In place GEMM

My LHS is huge and needs to be constructed by parts/sub-matrix. e.g.,

lhs = [ b11 b12
      b21 b22]

Is there a way to specify the results into a sub-matrix, e.g., b22, to save memory? I believe gemm in Julia is also based on blas, which can specify this, though painful.

Have you tried just creating a view of b22 (e.g. b22 = @view lhs[i2:end, j2:end]) and then doing an in-place operation (mul! or ldiv!) on that?

1 Like

Unless I’m missing something or misunderstanding, I don’t think this works. For example:

A = rand(8,8)
a22 = view(A, 4:8,4:8)
mul!(a22, 10*randn(5,5), a22)

errors. This is expected, as the docstring for mul! says

mul!(Y, A, B) -> Y

  Calculates the matrix-matrix or matrix-vector product AB and stores the result in Y, overwriting the existing value of Y. Note that Y must not be aliased with either A or B.

To do in-place, overwriting matrix multiplication you need to use rmul! or lmul!. Unfortunately those functions don’t seems to work with sub-arrays:

julia> rmul!(a22,4*randn(5,5))
ERROR: MethodError: no method matching rmul!(::SubArray{Float64,2,Array{Float64,2},Tuple{UnitRange{Int64},UnitRange{Int64}},false}, ::Array{Float64,2})
Closest candidates are:
  rmul!(::AbstractArray, ::Number) at /buildworker/worker/package_linux64/build/usr/share/julia/stdlib/v1.5/LinearAlgebra/src/generic.jl:161
  rmul!(::StridedArray{T, 2}, ::LowerTriangular{T,var"#s817"} where var"#s817"<:(StridedArray{T, 2} where T)) where T<:Union{Complex{Float32}, Complex{Float64}, Float32, Float64} at /buildworker/worker/package_linux64/build/usr/share/julia/stdlib/v1.5/LinearAlgebra/src/triangular.jl:749
  rmul!(::StridedArray{T, 2}, ::Transpose{var"#s807",var"#s806"} where var"#s806"<:(LowerTriangular{T,var"#s805"} where var"#s805"<:(StridedArray{T, 2} where T)) where var"#s807") where T<:Union{Complex{Float32}, Complex{Float64}, Float32, Float64} at /buildworker/worker/package_linux64/build/usr/share/julia/stdlib/v1.5/LinearAlgebra/src/triangular.jl:759

Is there a reason why this shouldn’t work for subarrays?

t = zeros(1010, 1010)
v = rand(1000, 1000)
c = view(t, 11:1010, 11:1010)
@btime BLAS.gemm!('T', 'N', 1., v, v, 1., c)  # 6.135 ms (0 allocations: 0 bytes)
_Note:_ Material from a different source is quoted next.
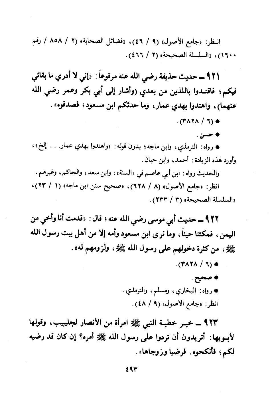 921 - حديث حذيفة رضي الله عنه مرفوعاً: ((إني لا أدري ما بقائي فيكم؛ فاقتدوا باللذين من بعدي (وأشار إلى أبي بكر وعمر رضي الله عنهما) ، واهتدوا بهدي عمار، وما حدثكم ابن مسعود؛ فصدقوه)) .

@btime v'v # 5.226 ms (3 allocations: 7.63 MiB)
1 Like

Ocatavian.matmul! is even better. Which

  • is faster
  • allows mixed precision

The error message is informative here:

julia> mul!(a22, 10*randn(5,5), a22)
ERROR: ArgumentError: output matrix must not be aliased with input matrix

mul! can’t write into the same array it’s reading, as this would over-write data it still needs to read. This is true for any rectangular arrays, whether or not they are views.

And these only work in cases where it is possible to work out the output and over-write the input sequentially, such as various structured matrices. They don’t mind views though:

julia> lmul!(Diagonal([0,100]), view(rand(4,4), 1:2, 3:4))
2×2 view(::Array{Float64,2}, 1:2, 3:4) with eltype Float64:
  0.0      0.0
 71.1938  90.2883

julia> lmul!(UpperTriangular(rand(2,2)), view(rand(4,4), 1:2, 3:4))
2×2 view(::Array{Float64,2}, 1:2, 3:4) with eltype Float64:
 0.0627902  0.525721
 0.0012771  0.494267

Thanks @mcabbott, that helped clarify things.
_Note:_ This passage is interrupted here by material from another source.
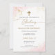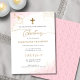 Modern Christian Pink Gold Cross Girl Christening Invitation

For some reason I was thinking BLAS had an overwriting version of GEMM for dense matrices. At least in a naive matrix multiplication algorithm it’s possible to do this by allocating a temporary array that can hold a single row or column of the output. I’m not sure why I thought standard BLAS implementations had such a routine. As far as I can tell they do not, and upon reflection it seems like this would only be useful in rare circumstances.